··· Working data ···
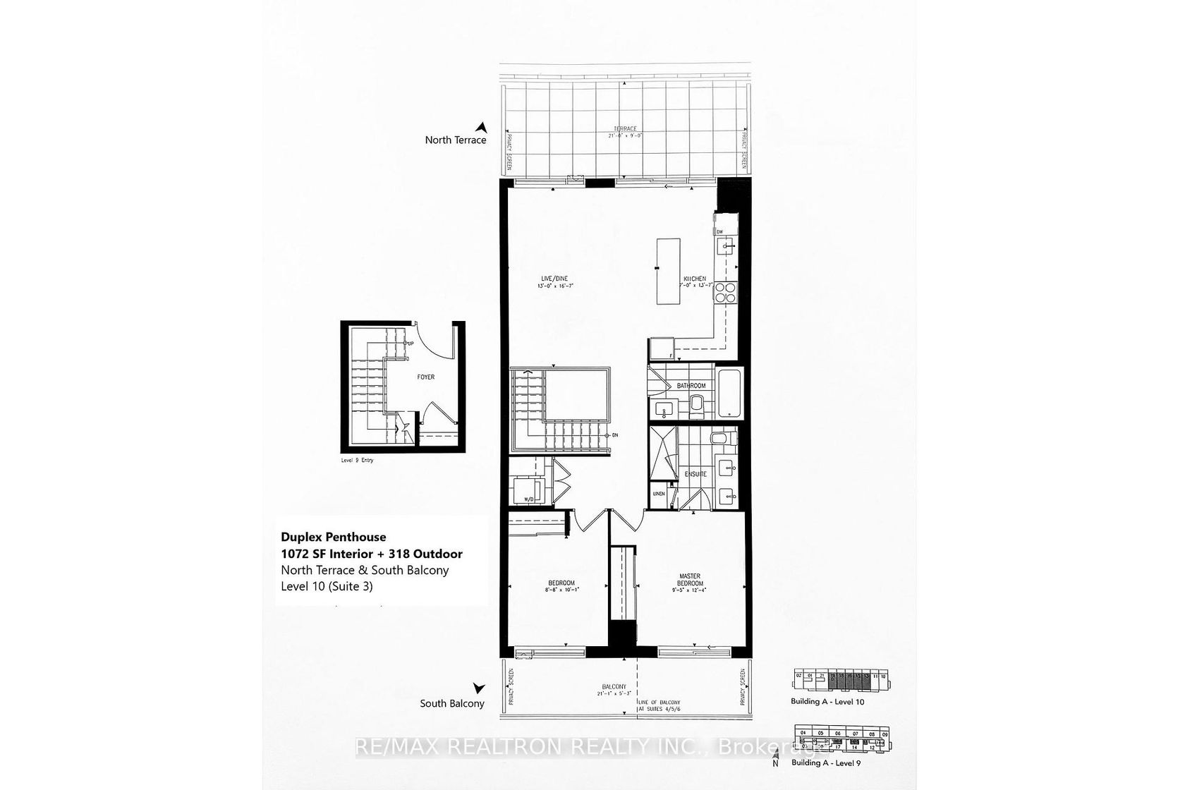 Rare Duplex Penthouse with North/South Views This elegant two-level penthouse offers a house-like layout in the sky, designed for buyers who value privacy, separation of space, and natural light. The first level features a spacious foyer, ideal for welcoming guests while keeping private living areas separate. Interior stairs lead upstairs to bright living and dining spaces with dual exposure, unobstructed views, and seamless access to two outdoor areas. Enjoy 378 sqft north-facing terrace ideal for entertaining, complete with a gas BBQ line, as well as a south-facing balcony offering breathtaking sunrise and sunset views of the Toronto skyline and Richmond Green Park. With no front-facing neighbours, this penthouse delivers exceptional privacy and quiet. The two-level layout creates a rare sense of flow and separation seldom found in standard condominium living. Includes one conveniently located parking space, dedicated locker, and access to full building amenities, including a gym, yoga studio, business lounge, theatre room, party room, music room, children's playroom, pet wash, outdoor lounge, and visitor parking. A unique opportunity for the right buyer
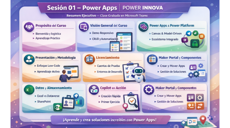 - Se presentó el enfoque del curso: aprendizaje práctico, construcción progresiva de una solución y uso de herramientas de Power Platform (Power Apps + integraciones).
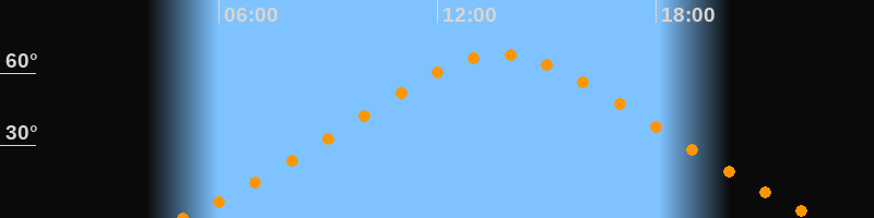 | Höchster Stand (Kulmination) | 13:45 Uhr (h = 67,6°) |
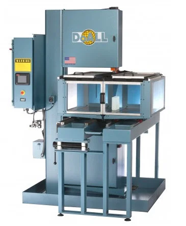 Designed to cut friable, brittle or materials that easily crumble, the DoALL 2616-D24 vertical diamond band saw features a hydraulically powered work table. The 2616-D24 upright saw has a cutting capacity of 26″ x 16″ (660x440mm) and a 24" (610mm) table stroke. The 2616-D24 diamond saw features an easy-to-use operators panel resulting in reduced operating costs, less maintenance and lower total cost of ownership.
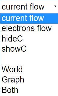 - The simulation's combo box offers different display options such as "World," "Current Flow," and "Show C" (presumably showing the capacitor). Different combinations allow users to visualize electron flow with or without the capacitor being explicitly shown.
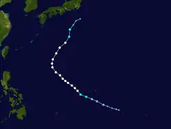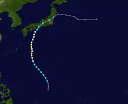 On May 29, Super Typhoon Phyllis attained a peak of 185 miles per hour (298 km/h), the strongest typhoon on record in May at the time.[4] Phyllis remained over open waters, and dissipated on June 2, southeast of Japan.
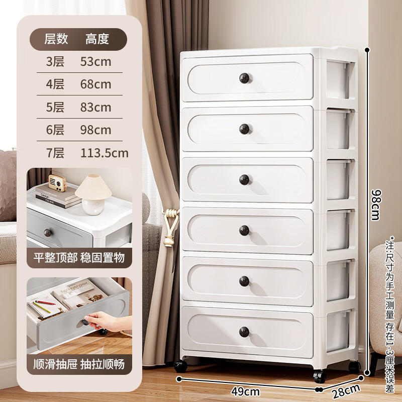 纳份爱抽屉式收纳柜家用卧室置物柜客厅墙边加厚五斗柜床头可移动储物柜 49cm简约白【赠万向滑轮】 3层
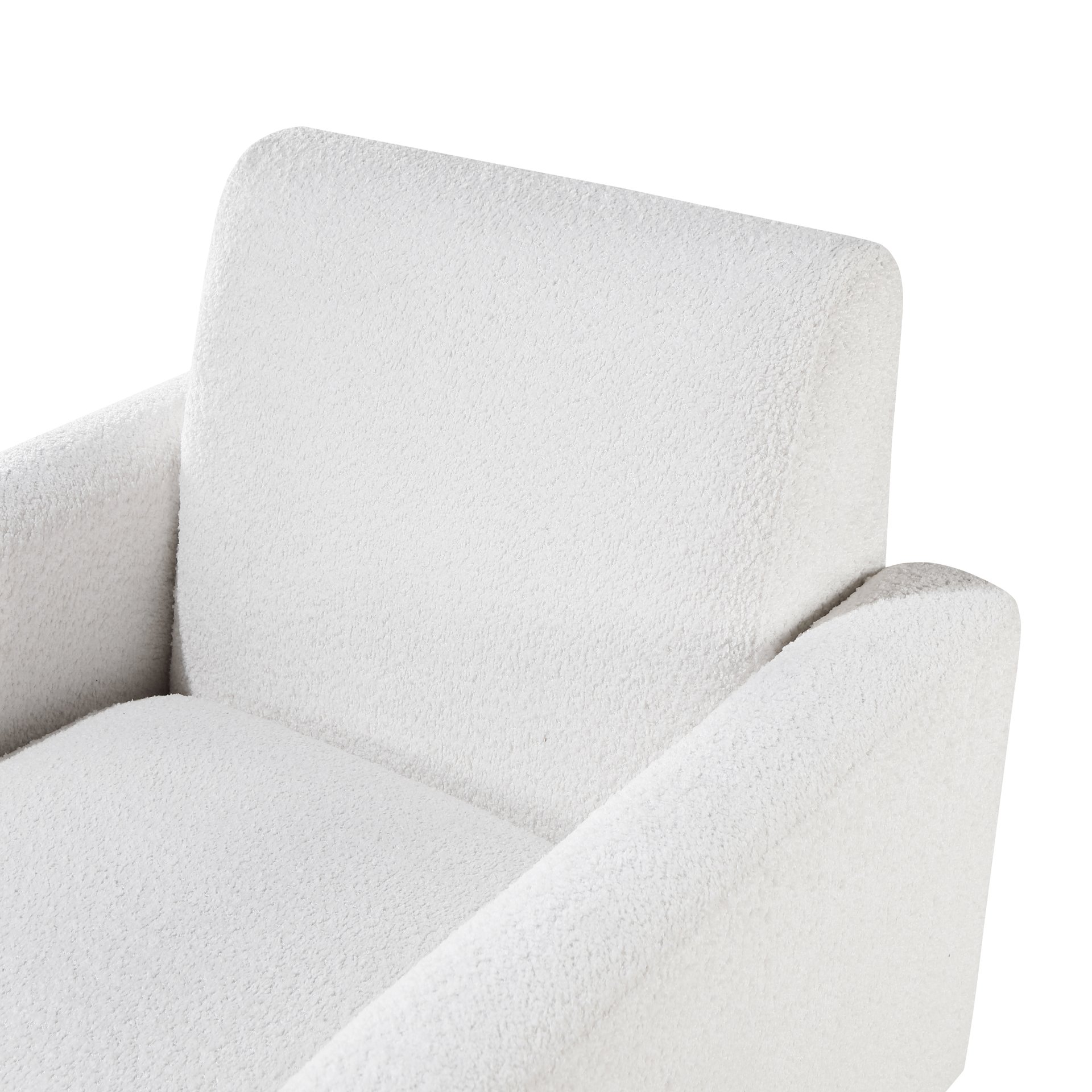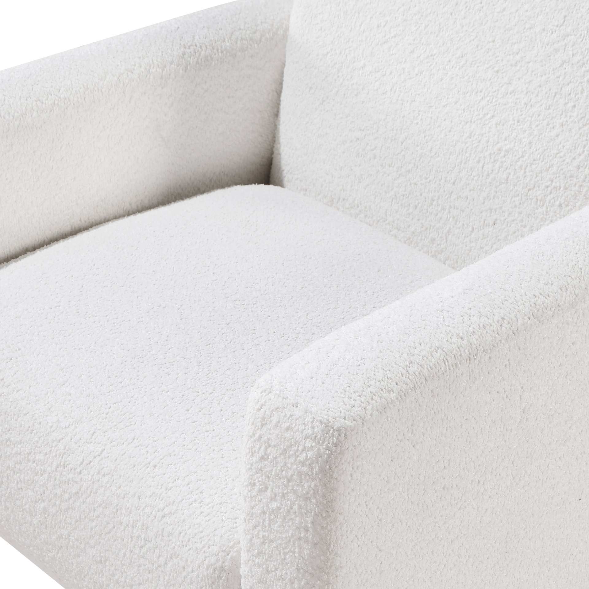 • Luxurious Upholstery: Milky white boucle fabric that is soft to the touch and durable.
···
··· Working data ···
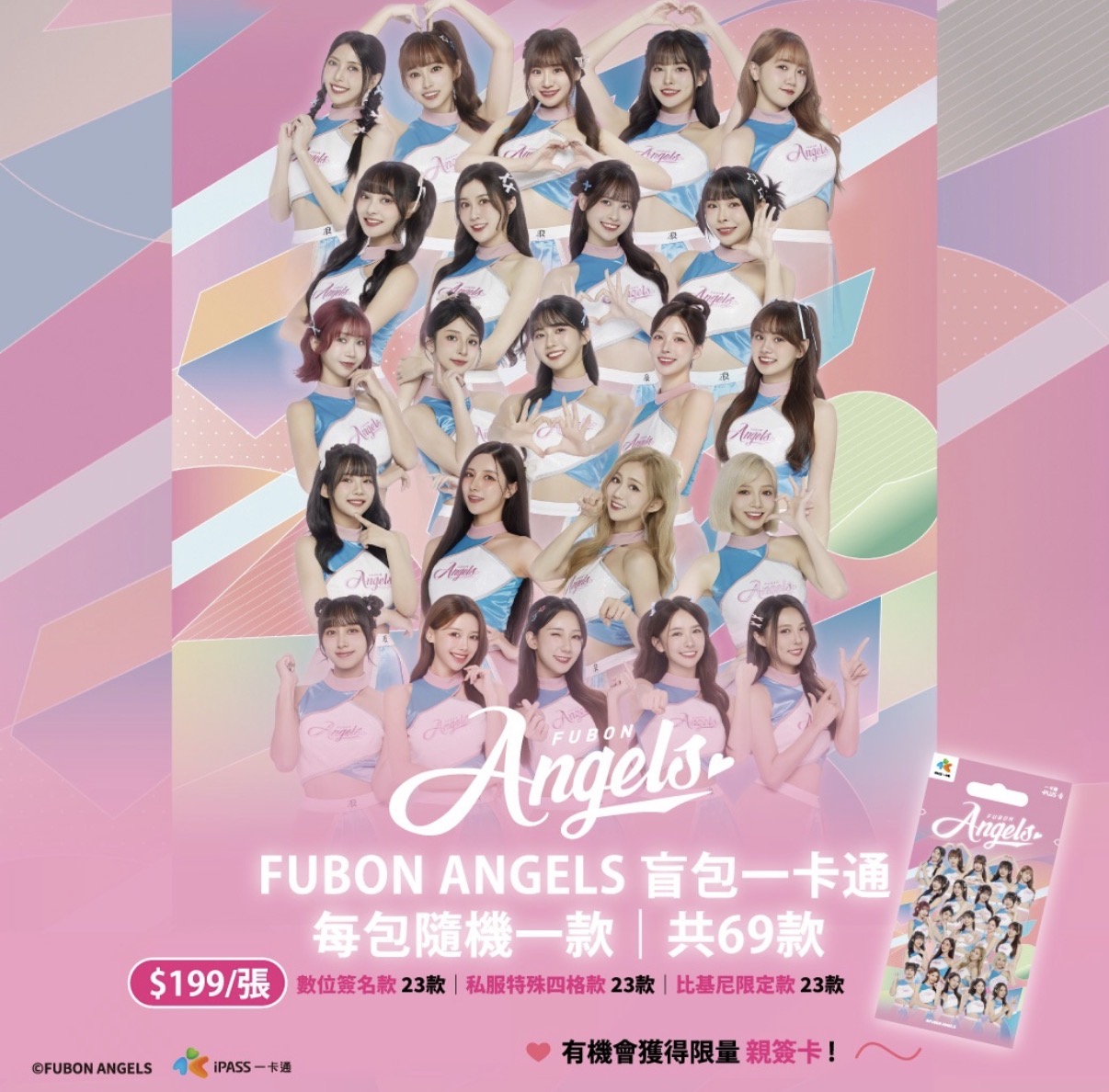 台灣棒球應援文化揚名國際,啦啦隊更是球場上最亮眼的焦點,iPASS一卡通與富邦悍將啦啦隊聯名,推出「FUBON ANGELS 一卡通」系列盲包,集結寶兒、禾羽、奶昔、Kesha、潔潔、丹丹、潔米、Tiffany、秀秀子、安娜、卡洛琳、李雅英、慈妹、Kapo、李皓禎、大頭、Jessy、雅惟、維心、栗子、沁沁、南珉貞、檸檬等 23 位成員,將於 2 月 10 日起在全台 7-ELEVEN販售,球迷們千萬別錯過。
···
What is expected: Quote word for word only the lines above from the one containing "- Se presentó" through the one containing "Uhr (h = 67,6°) |". Pictures stay out of your copy.

Task response:
 - Se presentó el enfoque del curso: aprendizaje práctico, construcción progresiva de una solución y uso de herramientas de Power Platform (Power Apps + integraciones).
 | Höchster Stand (Kulmination) | 13:45 Uhr (h = 67,6°) |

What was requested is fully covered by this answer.